Mr. Long eagerly adapted as the large-format Speed Graphic gave way to smaller cameras with 35mm film and changeable lenses. He prized the versatility and brought along a variety of lenses — and lights and ladders — even to routine assignments.

“He was prepared for anything,” said Dave Zapotosky, Blade chief photographer.

Mr. Long pursued the news through threats of arrest, even actual detention by authorities, and despite violence. He once stopped his car when he saw several boys fighting in the street. Unable to drive around them, he got out and took photos — and got punched in the nose. A nearby hospital treated his bloody nose, and he delivered the pictures to the city desk.

“He never backed off,” Mr. Black said. “If he saw it, whether he was on the clock or off the clock, he took that picture and had it ready for the next edition of the newspaper. That was the kind of enthusiasm he had.”

Mr.
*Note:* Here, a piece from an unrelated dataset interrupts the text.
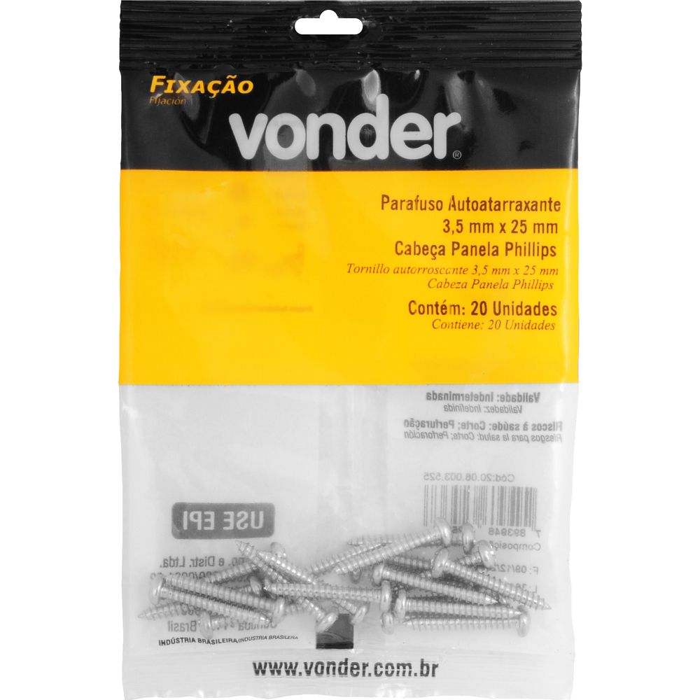 Marca: VonderConteúdo da Embalagem:1 Cartela com 20 parafusosDestaques e diferenciais:Possui acabamento zincado que aumenta a resistência contra corrosão/oxidação, além de cabeça tipo phillips, que proporciona maior força de aperto e menor possibilidade da chave ou bits escapar e riscar a peça que está sendo trabalhada.Aplicações e dicas de uso:Indicado para fixações de acessórios e objetos em paredes de alvenaria e concreto com buchas de fixação. Permite fixações em móveis tubulares, equipamentos fabricados com chapas metálicas finas e esquadrias de alumínio. Muito utilizado na fabricação de móveis em madeira e MDF.Características Técnicas:Material do parafuso autoatarraxante: Aço carbono Acabamento do parafuso autoatarraxante: Zincado Diâmetro da rosca do parafuso autoatarraxante: 3,5 mm Comprimento do parafuso autoatarraxante: 25,0 mm Tipo da cabeça do parafuso autoatarraxante: Panela Tipo da fenda do parafuso autoatarraxante: Phillips (fenda cruzada)

Long married Marcella Studer, an educator and a former Religious Sister of Mercy, in a sunrise ceremony at the Marblehead Lighthouse on Oct. 30, 1971. In the early 1980s, medical professionals said she likely had Alzheimer’s disease.

Mr. Long cared for her at home as long as he could. After a succession of Toledo area nursing homes turned her out, Mr. Long placed her in a Stow, Ohio, facility — close to her siblings, but 140 miles from Toledo. Mr. Long visited at least twice a month, and during the two-plus-hour drive, songs came to him.

She did not seem to recognize him as he fed her ice cream and serenaded her, strumming an autoharp held to his shoulder.

“I’m told the sense of hearing is the last to go,” Mr. Long told The Blade. “Sometimes I thought she enjoyed them a little. I’‍ll never know.”

He performed the songs publicly in the early 1990s. His wife died on April 11, 1995, and afterward he recorded an album of the songs, “Memories of Love: Songs for Marcy,” all in the interest of raising awareness of Alzheimer’s disease. Local musicians contributed their talent.

Through the years, he often opened his home to the Any Wednesday musical group and was a charter member of Toledo Friends of Photography.

Mr. Long received a bachelor of arts degree in speech from the University of Toledo. He was inducted into the Libbey High Hall of Fame in 2003.

He had been a member of the Church of Scientology.

Surviving are his brothers Douglas and Ben Long and sisters Barbara Soliday and Lorna Leonard.

His family has scheduled a celebration of life service at 1 p.m. Aug. 9 in the Main Library downtown.

The family suggests tributes to the Alzheimer’‍s Association, Northwest Ohio chapter; the Toledo-Lucas County Public Library, or Hospice of Northwest Ohio.